We could place the first tile horizontally, which forces us to place another directly below it and so the empty area is now a $2\times2$ . There are $2$ ways to tile this.
We could place the first tile vertically, so the empty area is now a $3\times2$ . There are $3$ ways to tile this.
So there are $\color{#20A900}{\boxed{5}}$ ways to tile a $4\times2$ area.
In general, the number of ways to tile a $2\times n$ area is the sum of the number of ways to tile a $2\times (n-1)$ area $+$ the number of ways to tile a $2\times (n-2)$ area because we can apply this same process. This is, of course, equivalent to the Fibonacci sequence .
Observe that it is impossible to tile an odd number of vertical $1\times2$ dominoes in a $n\times2$ area such that $n$ is an even number, and also it is impossible to place an even number of vertical $1\times2$ dominoes in a $n\times2$ area such that $n$ is an odd number.
If we have $4\times2$ area to tile, there are 3 general cases according to the observation:
$1.$ Putting 4 vertical dominoes, we have ${4 \choose 4}$ ways to do it.
$2.$ Putting 2 vertical dominoes, there are ${3 \choose 2}$ ways to do it. The other horizontal domino counted as 1 box hence we have 3 boxes to place with the vertical dominoes.
$3.$ Putting 0 vertical dominoes, then there are ${2 \choose 0}$ ways to do it. We have only 2 boxes to place horizontal dominoes as there are zero vertical dominoes.

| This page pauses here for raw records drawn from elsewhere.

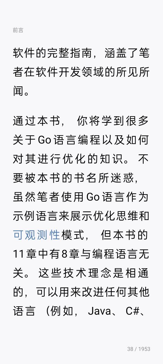 虽然技术在进步,硬件也越来越物美价廉,但如今软件工程师仍需要关注程序的性能优化。 本书将介绍软件效率问题、Go语言快速入门知识、如何实现高效编程,告诉大家如何高效进行性能优化,以及何时进行,并给出需要的工具和相关知识,让你使用较少的资源实现高效编程。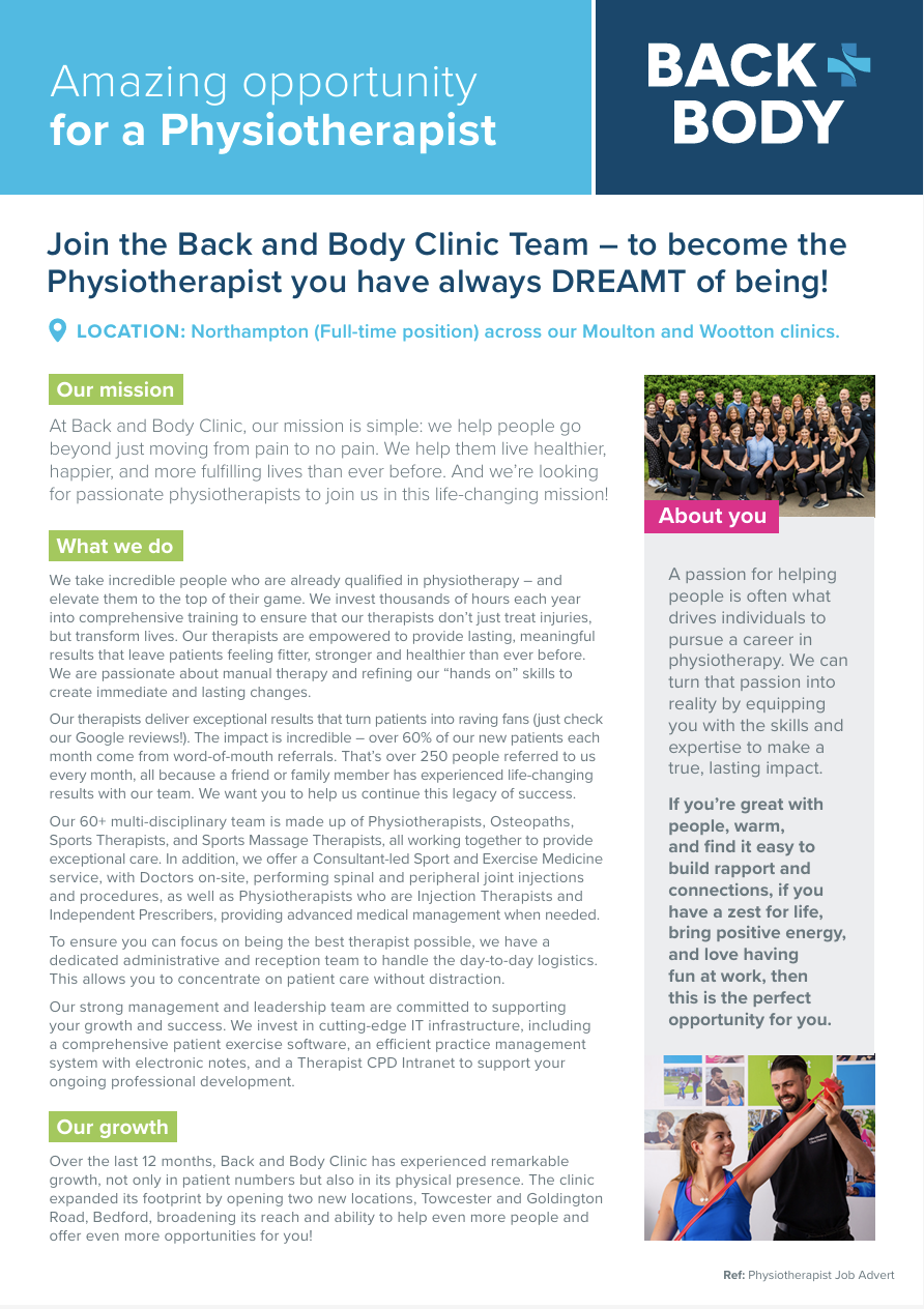 We have taken many (10+) new graduates on as Junior Physiotherapist and Osteopaths and helped support and train them to become part of our fantastic Senior Therapist Team. We offer the Juniors an extensive, supported programme with many hours of training, supervision and shadowing each week. We are so proud of how our Juniors progress so quickly with our advanced training programme into incredible Senior Therapists.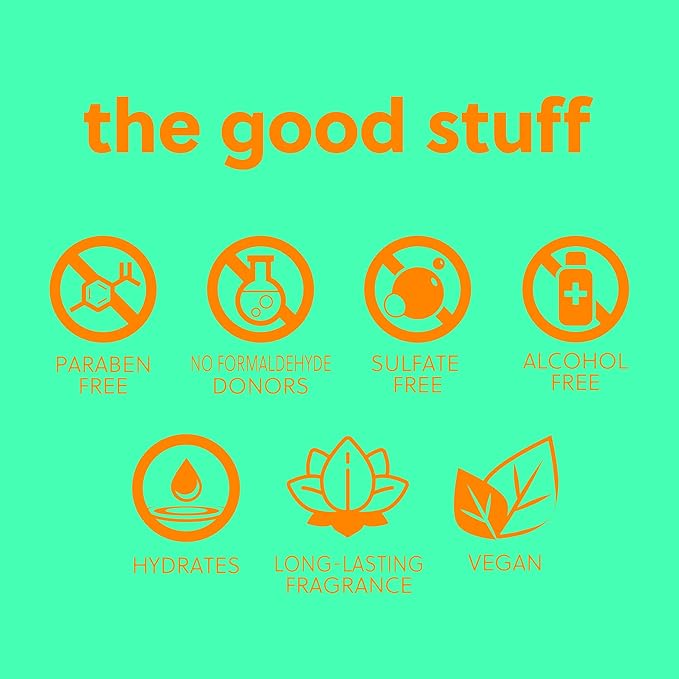 - Paraben-free, vegan, sulfate-free, contains no formaldehyde donors and has a long-lasting fragrance in a medium-weight formula.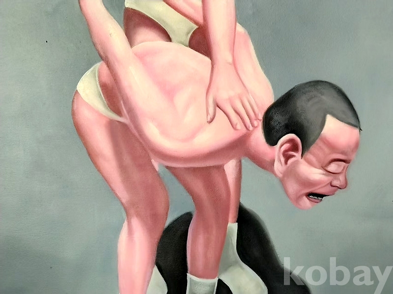 岳敏君 ,敏君과 영문이름 yueminjun을 사용하고 있으며, 본 작품에서 보시다시피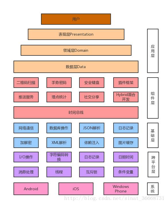 基于以上设计原则,我们可以看出APP架构图,最上层是应用层,应用层以下都属于基础框架层,基础框架层包括:组件层、基础层和跨平台层。
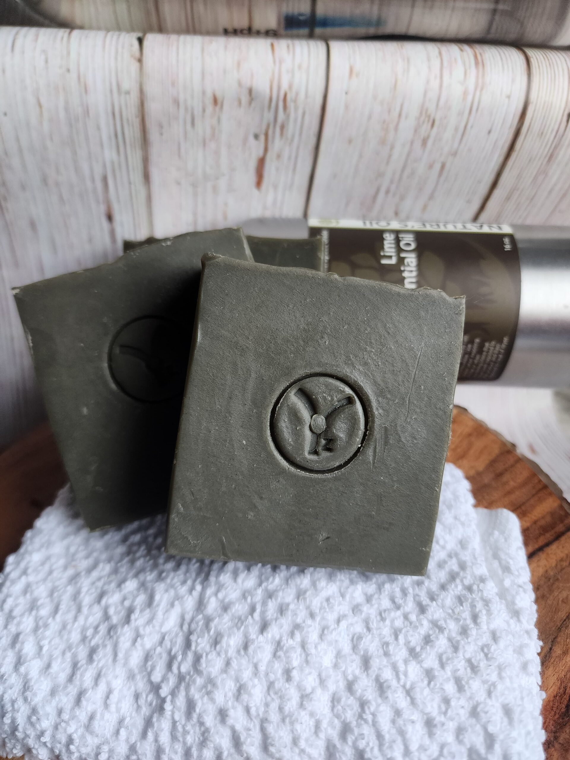Ingredients: Saponified oils of: Coconut, Olive, Palm and Castor Oils, Shea Butter, Distilled Water, Sodium Hydroxide, Aloe Vera Juice, Colloidal Oatmeal, Kaolin Clay, Activated Charcoal, Pine Tar, Essential Oils.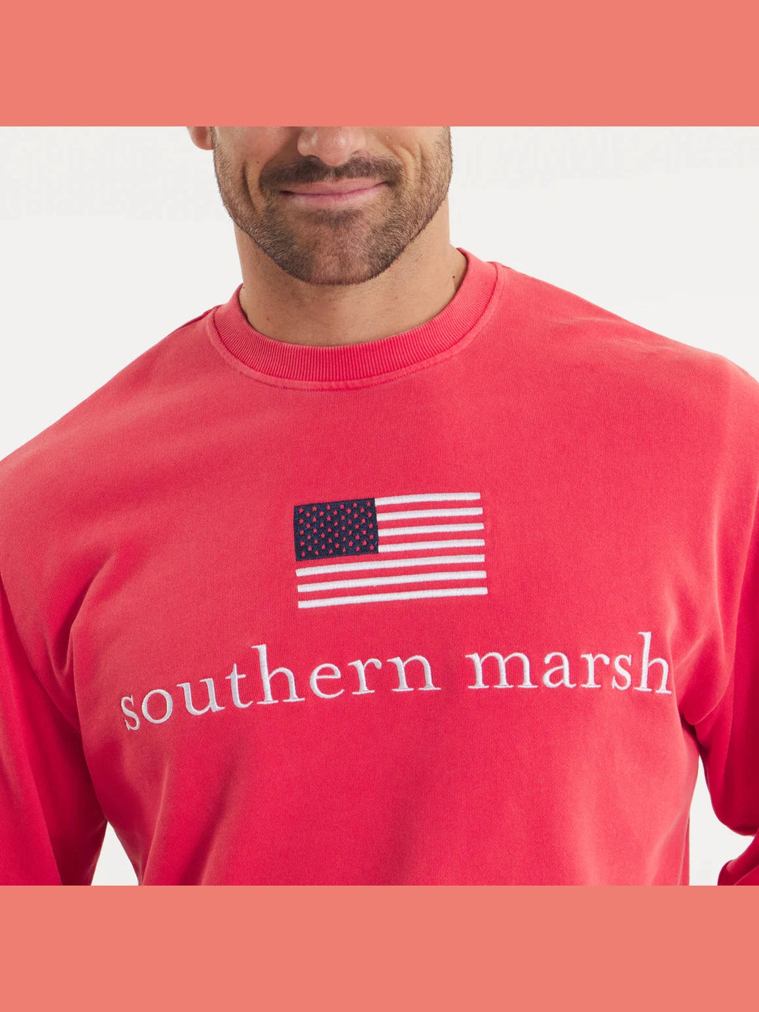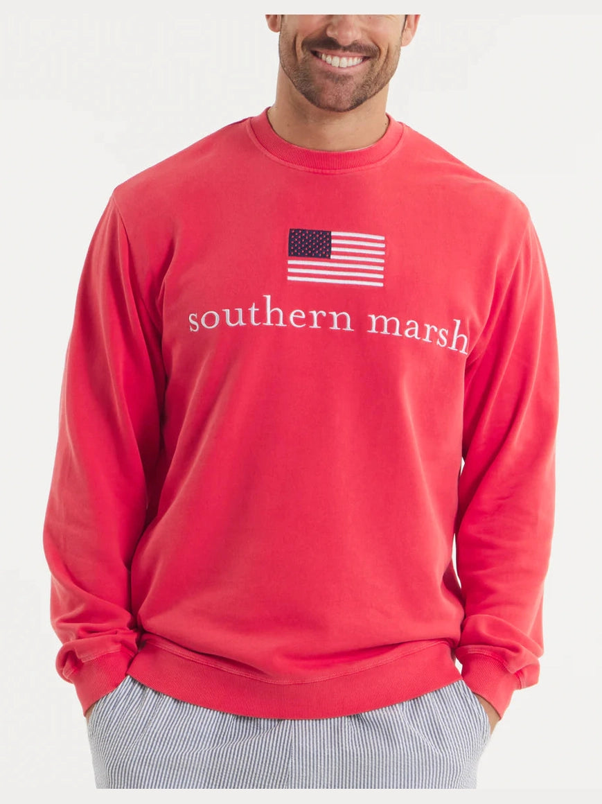 Southern Marsh SEAWASH Sweatshirt - American Flag - Washed Red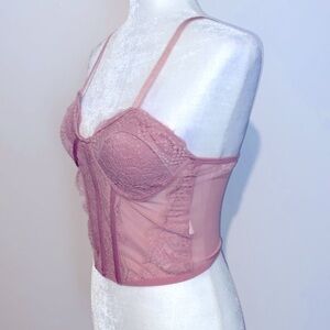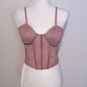 Charlotte Russe corset lace mesh mauvy pink crop tank top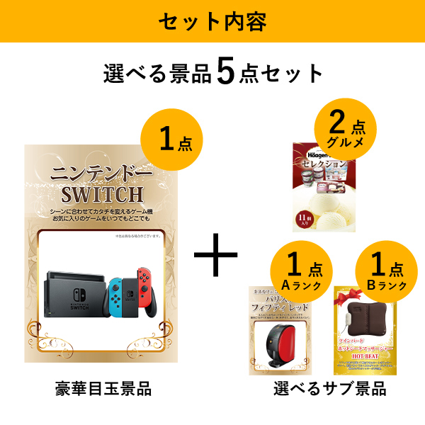 「ニンテンドーSWITCH」をメイン景品とした、メイン景品1点と選べるサブ景品4点を合わせたセット!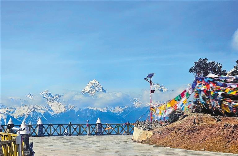 圖為在紅拉山觀景臺(tái)拍攝的達(dá)美擁雪山美景。記者 平措郎加 歐珠次仁 攝
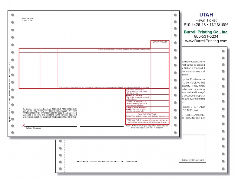 Utah Continuous Pawn Ticket 10-4426-48

Sum all of the ways, then there are ${4\choose4}+{3\choose2}+{2\choose0}=1+3+1=\boxed{5}$ ways to do it. The general summation we've been looking for many ways $n\times2$ area to be tiled with $1\times2$ dominoes is: $\displaystyle \sum_{i=0}^{\lfloor\frac{n}{2}\rfloor} {{n-i}\choose{n-2i}}$ . For every $n$ it may refer to fibonacci's sequence.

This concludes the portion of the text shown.